Photo Courtesy: USA Today

Snead, Ravens looking to bounce back in 2018

May 03, 2018 - 10:14 am

By Joe Schiller

Heading into the 2018 season, the wide receiver depth chart has taken on a new form for the Baltimore Ravens. General manager Ozzie Newsome has completely revamped the position this offseason. The team’s top three leading receivers from last season (Mike Wallace, Ben Watson, and Jeremy Maclin) are all gone as a slew of new targets have entered the building.

The Ravens inked deals with Michael Crabtree and John Brown early into the free agency period but still coveted a third experienced pass-catcher for Joe Flacco. Willie Snead proved to be the final free agent wide receiver of the overhaul. He inked a two-year, $10.4 million offer sheet with the Ravens as a restricted free agent with the New Orleans Saints.

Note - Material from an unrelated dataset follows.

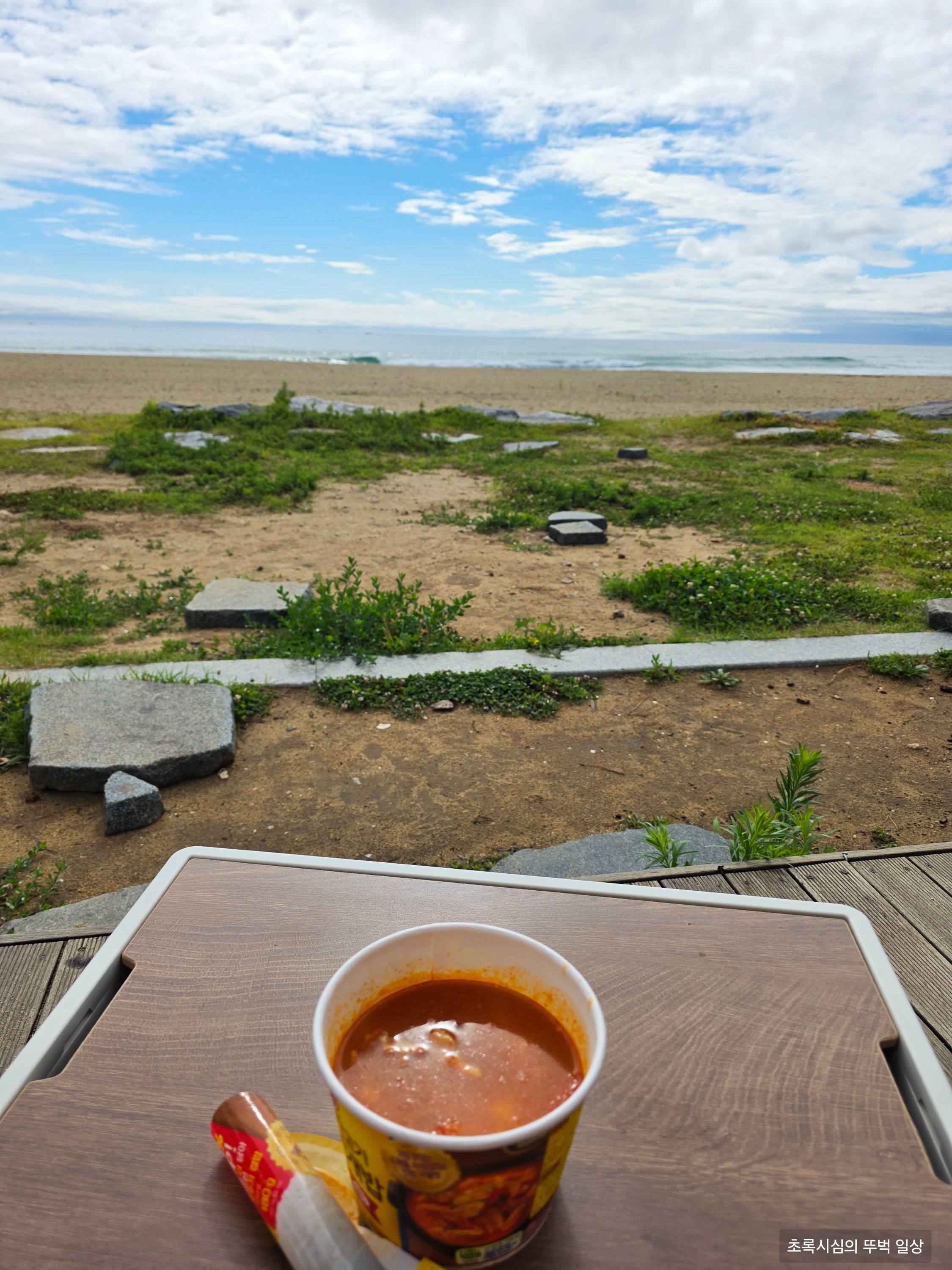 앞이 뻥 뚫린 바다전망이고 개수대, 화장실, 관리실 다 가까운 명당이라 할 수 있겠습니다.

The 2017 season was one to forget for Snead. A suspension and hamstring injury limited him to eight catches and 92 total receiving yards in seven starts but Baltimore provides a clean slate and a fresh start for the next chapter of his career.

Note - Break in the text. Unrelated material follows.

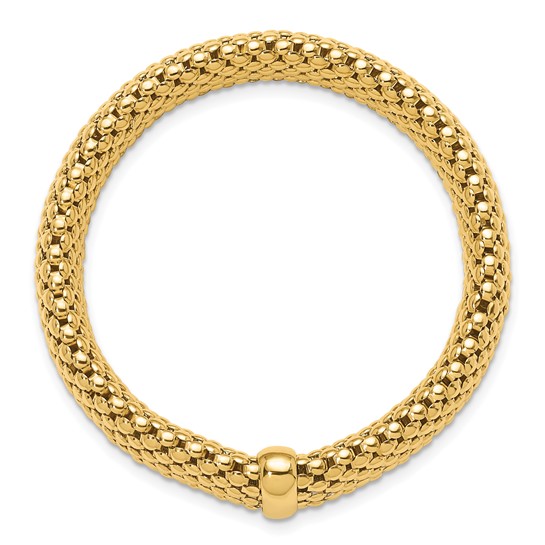 14k yellow gold popcorn stretch bracelet has a bar accent and polished finish. Bracelet width: 14.25mm. Slip-on. One size fits most women. Approximate weight: 24.2 grams. Made in Turkey. Ships from USA.

“Absolutely, it’s like a breath of fresh air,” said Snead. “Sometimes I wake up in the morning and I’m like, ‘I can’t believe I’m in Baltimore!’ I have so much respect for this organization, and just the opportunity to be here and possibly be an impact player is like a dream come true. I just think I needed a fresh start.”

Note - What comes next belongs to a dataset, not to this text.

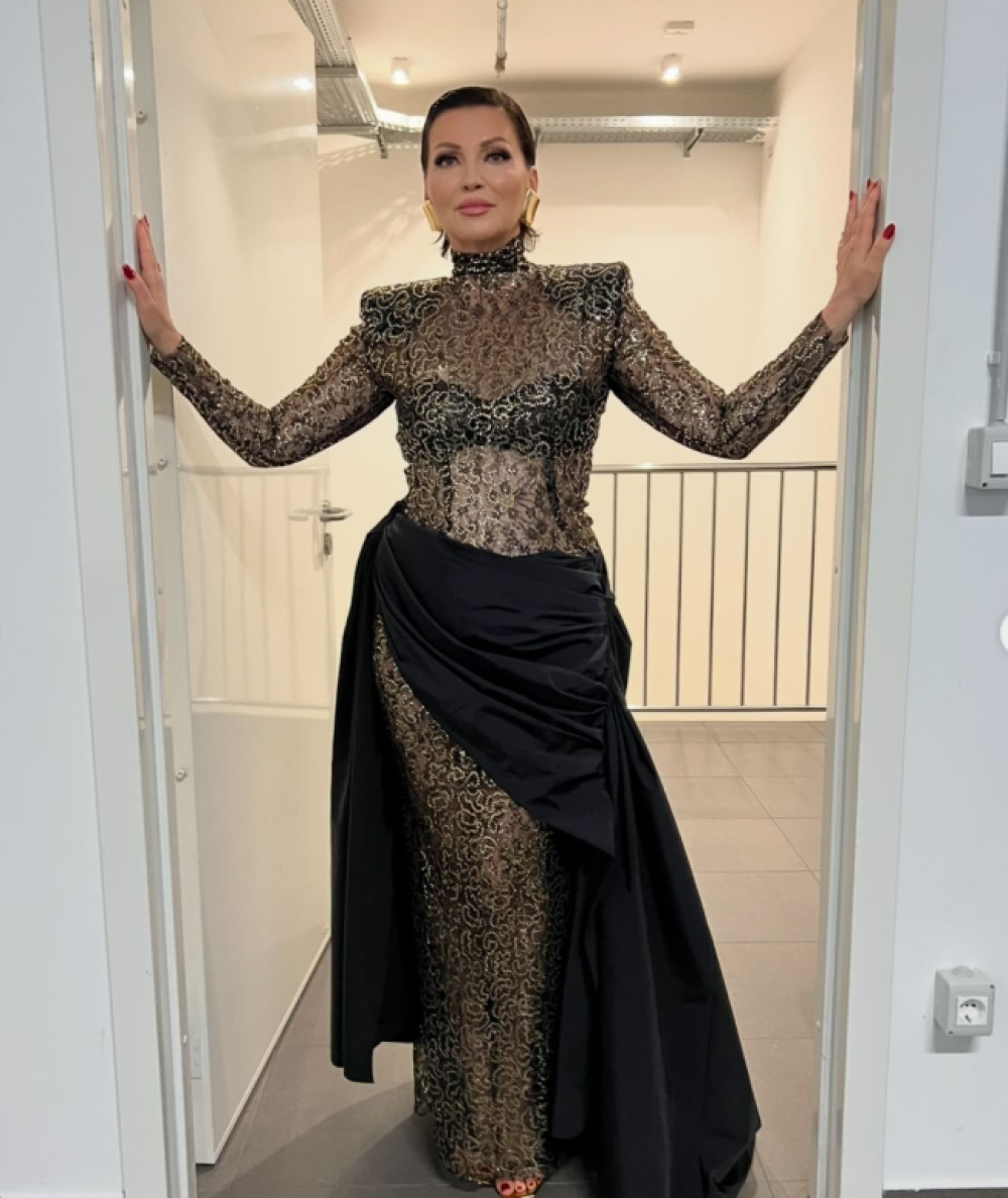 Prozirna baza posuta gustim zlatnim ornamentima stvara dojam da je tijelo obučeno u raskošnu čipkastu 'drugu kožu', pa look istovremeno djeluje glamurozno i vrlo senzualno. Crni kontrastni panel koji poput skulpturalne draperije pada preko jedne strane haljine dodaje dozu drame, produljuje figuru i daje pokret svakom koraku prema pozornici.

A fresh start is beneficial for both parties involved. Despite scoring close to 25 points per game, the Ravens’ passing attack was virtually nonexistent last season. The air attacked averaged a measly 189.4 yards per game and Joe Flacco struggled to find any consistency with his receivers.

Flacco missed the majority of training camp and the entirety of the preseason in 2017 dealing with a back injury. But finally healthy, there’s been increased dialogue about developing chemistry with his new wide receiver core. Snead doesn’t see that becoming a problem this offseason.

“In the coming weeks, I think we’ll be able to mesh really well,” he told reporters. “I think it’s just about staying in the playbook, getting that one-on-one session with Joe and the receivers, and just get the timing down, get into Joe’s head about what he sees and how he wants us to run different routes versus different coverages. That falls on us as receivers and quarterbacks, going and taking that time for ourselves.”

After the offseason overhaul, running back Buck Allen remains as the top pass-catcher from last season. The Ravens have $15.6 million invested into the receiver position this season and Snead will look to find his previous form to elevate an offense that desperately needs production through the air.